[Dataset excerpts]
********

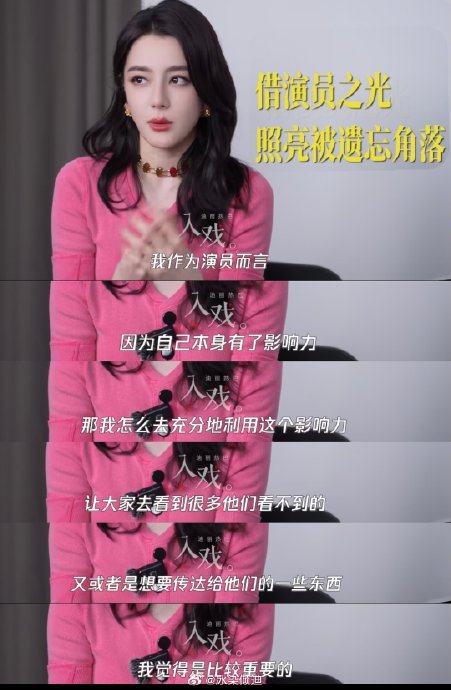 迪丽热巴多次强调演员不仅是职业身份,更是社会责任的载体。她认为演员需"利用影响力让观众看到他们看不到的角落",例如在《利剑玫瑰》中饰演打拐警察,旨在唤起公众对拐卖问题的警觉。2026年4月受访时,她更直言"流量不是缥缈数字,而是灌溉社会的活水",主张将关注度转化为对现实议题的推动力。
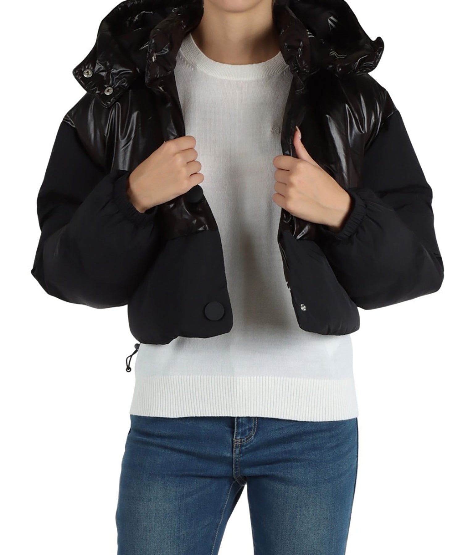 Piumino cropped con cappuccio mix lucido crinkle nero
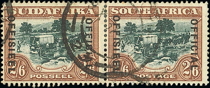 2/6d. green and brown with watermark inverted and lines 21mm. apart, a horizontal pair with part double-ring datestamp; some perfs. severed and strengthened, and a little creased though very rare. S.G. O18aw, £750. Photo
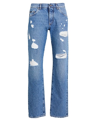 straight-leg jeans, denim, distressed, solid color with appliqués, embroidered logo, medium wash, mid rise, belt loops, regular fit, zipper fastening, 1 button, multipockets, machine wash or dry clean, do not bleach, do not tumble dry
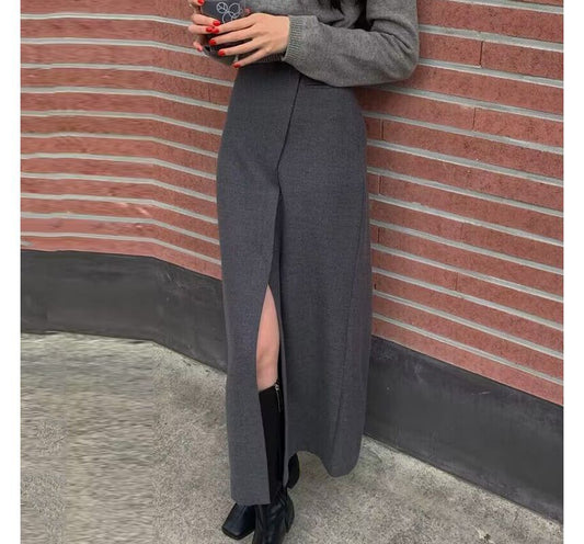 High Rise Plain Asymmetrical Slit Maxi Pencil Skirt
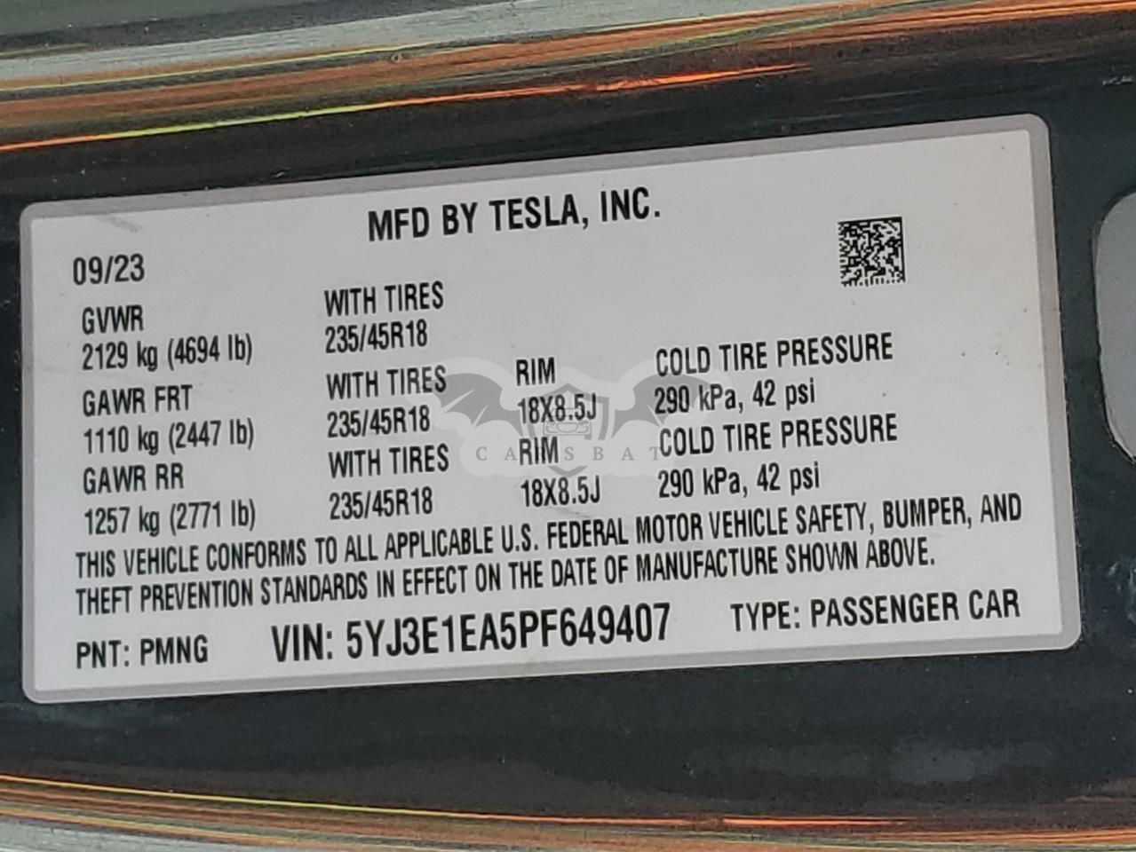 • VIN: 5YJ3E1EA5PF649407

********

- **Exercise details**
Would you write out all of the data exactly as it stands, without the pictures?

- **Response to the exercise**
 迪丽热巴多次强调演员不仅是职业身份,更是社会责任的载体。她认为演员需"利用影响力让观众看到他们看不到的角落",例如在《利剑玫瑰》中饰演打拐警察,旨在唤起公众对拐卖问题的警觉。2026年4月受访时,她更直言"流量不是缥缈数字,而是灌溉社会的活水",主张将关注度转化为对现实议题的推动力。
 Piumino cropped con cappuccio mix lucido crinkle nero
 2/6d. green and brown with watermark inverted and lines 21mm. apart, a horizontal pair with part double-ring datestamp; some perfs. severed and strengthened, and a little creased though very rare. S.G. O18aw, £750. Photo
 straight-leg jeans, denim, distressed, solid color with appliqués, embroidered logo, medium wash, mid rise, belt loops, regular fit, zipper fastening, 1 button, multipockets, machine wash or dry clean, do not bleach, do not tumble dry
 High Rise Plain Asymmetrical Slit Maxi Pencil Skirt
 • VIN: 5YJ3E1EA5PF649407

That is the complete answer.